Anyone know how much these are to purchase from reps?


----------



## A18XVM (Nov 16, 2009)

would look great on any garage wall


----------



## nicp2007 (Apr 25, 2007)

i like that :thumb:


----------



## PrestigeChris (Nov 17, 2009)

*lol*



pav-g said:


> Hey very good idea. Creative and practical. The only problem i find is if you put stuff on show all your mates what to try them lol


Thats why its safely locked away on my back door of my van.:speechles


----------



## PrestigeChris (Nov 17, 2009)

*have a word*



packard said:


> Anyone know how much these are to purchase from reps?


Im not sure if your rep will have any left but i paid 20 quid for mine. It comes with 6 bottles 4 with triggers and all the labels for autoglym trade range. Its one of the reasons i like AG so much because they seem to come up with great ideas like this!


----------



## packard (Jun 8, 2009)

I would happily pay that and _(if i'm not breaking any rules)_ if anyone has one for sale please let me know/post in for sale section etc..... Do we have any AG reps from East Anglia in here???


----------



## nicp2007 (Apr 25, 2007)

drop a post in the auto glym section mate,

i'm sure somone will be able to help you out there :thumb:


----------



## diesel_dog (May 14, 2008)

I have one to, they are really useful in so much as it's quick and easy and it's all laid out 

My mate bought me mine i think it's around the £20 mark as other's have said.


----------



## n_d_fox (Apr 18, 2007)

i was looking at one of these at the meet in Slough earlier in the year... came close to buying it too... at the time the guy wanted £30 for the lot and was going to throw in a couple of products too.

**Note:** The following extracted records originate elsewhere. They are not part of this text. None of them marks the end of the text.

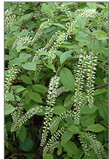
Henry's Garnet Virginia Sweetspire flowers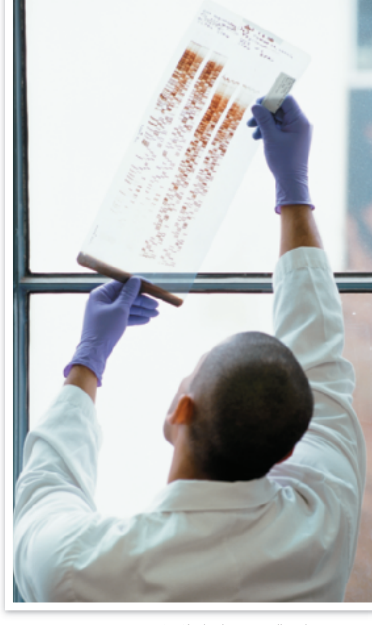
Scientific developments allow the use of DNA evidence to connect an offender to a crime. How else may DNA evidence be used?

A person who reasonably believes there is imminent danger of bodily harm can use a reasonable amount of force in self-defense. However, a person cannot use more force than appears to be necessary.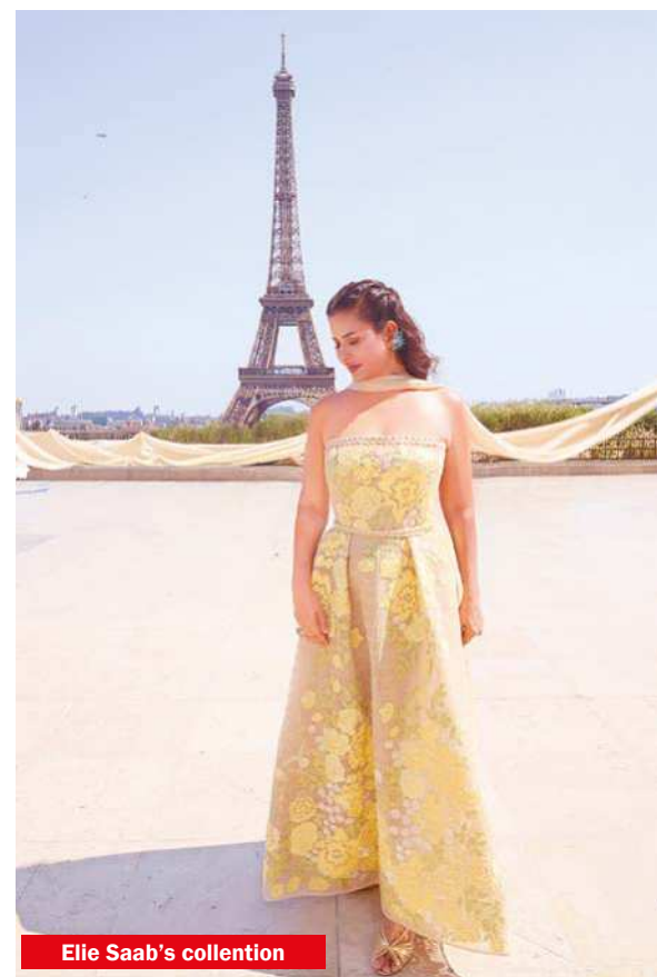
Elie Saab’s collection

Three days, three couture houses, one very full jewellery box. The Hyderabad-based billionaire and philanthropist returned to Paris Haute Couture Week for the first time since 2022, following her much-talked-about Met Gala look earlier this year, with an estimated $30 million in personal jewellery across her front-row appearances.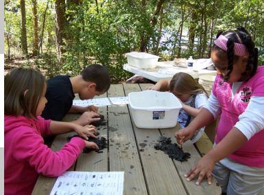
3rd grade to Camp Cherokee

Community friends help make the Goucher Reading Patio a reality! THANKS TO ALL OF YOU!!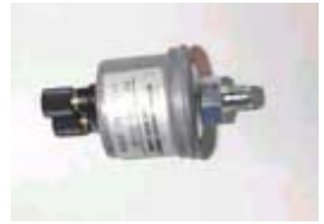
OIL PRESSURE SENSOR 150 SPI THREADS 1/8" NPT Qty = 1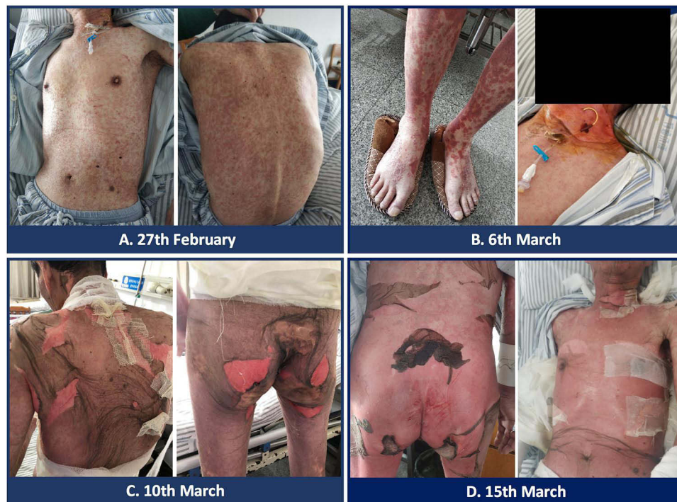
Figure 1 Clinical photograph of the patient demonstrating erythematous plaques and desquamation. (A) On February 27, 2020, the patient developed red rashes on the upper limbs, the front chest, and the back. The rashes were slightly raised above the skin and were not accompanied by itching. (B) On March 6, 2020, the patient's blisters around the mouth, back, and limbs progressed more than before, and the skin on the neck began to peel off. (C) On March 10, 2020, the patient experienced skin peeling on the head, neck, back, and buttocks, with significant pain, and new blisters appeared on the lower limbs. (D) On March 15, 2020, the patient's skin peeling worsened. Skin peeling was also observed on the external genitalia and around the anus, with bright red skin exposed, accompanied by exudation.

and this condition took 1 week to improve (Figure 1C and D). Hence, methylprednisolone was reduced to 80 mg Q12h from 19th March (Figure 2A). Exudation decreased significantly starting 23rd March (Figure 2B and C), and skin-associated symptoms returned to near-normal levels (Figure 2D). On 19th February, the patient underwent CT scan (before sintilimab infusion). On 6th April, the lump in the right lower lung slightly reduced in dimension from 2.7 cm to 2.4 cm (11%) compared to the former CT scan (Figure 3). The patient did not receive treatment with PD1 antibody again.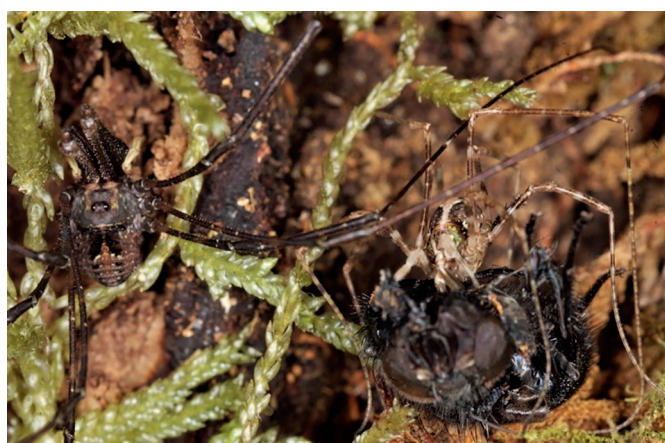
Figure 4.— Pantopsalis listeri male and female with scavenged blowfly food. The male began by opening the cuticle of the prey item, exposing the soft integument. He then backed away and the female stepped forward to feed.

Some neopilionids may also eat plant matter, such as detritus or vegetation, but we did not observe this in the field. In captivity, we found that F. pureora , F. bona , and P. listeri readily accepted wet dog food as well as plant matter including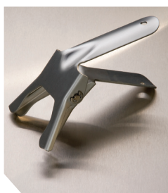
47mm Aluminum Clamp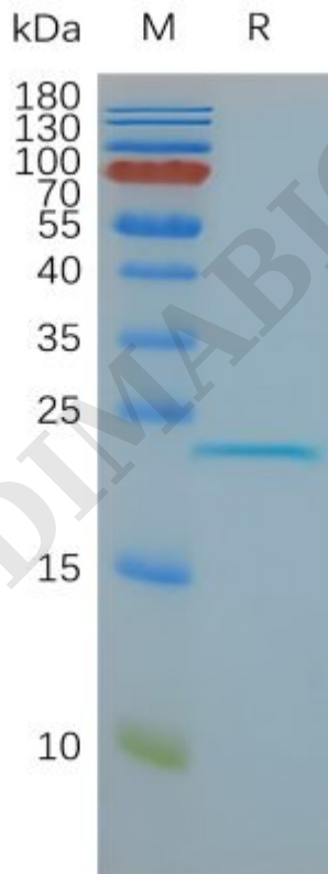
Figure2. Human CLDN6-Nanodisc, Flag Tag on SDS-PAGE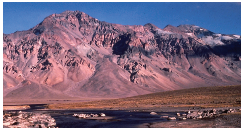
Above: Andes of Argentina

only problem was that i'm not a pro detailer so still have plenty of the Megs bulk stuff left and already have the spray bottles with those products in. so i made this:










1 x Megs LT diluted 1:1. 2 x Megs APC diluted at 10:1 and 4:1. 2 x Megs Wheel Brightener diluted 10:1 and 4:1. Works a treat and blends in nicely with the shed... The bottles usually match as well (all handi bottles from CYC) but i dropped one and broke the thread on the neck !


----------



## bluepeter (Dec 18, 2009)

n_d_fox said:


> so i made this:


Very nice work indeed! Spot on, custom made, i like it.


----------



## PrestigeChris (Nov 17, 2009)

very nice indeed, if i had the handywork skills to do that then i wold of done lol.


----------



## HalfordsShopper (Jul 8, 2008)

n_d_fox said:


> .... so i made this:


Wowowow - will u make me one too please? I'd hapilly swap my whole collection of razzle mags for one of those. :thumb:


----------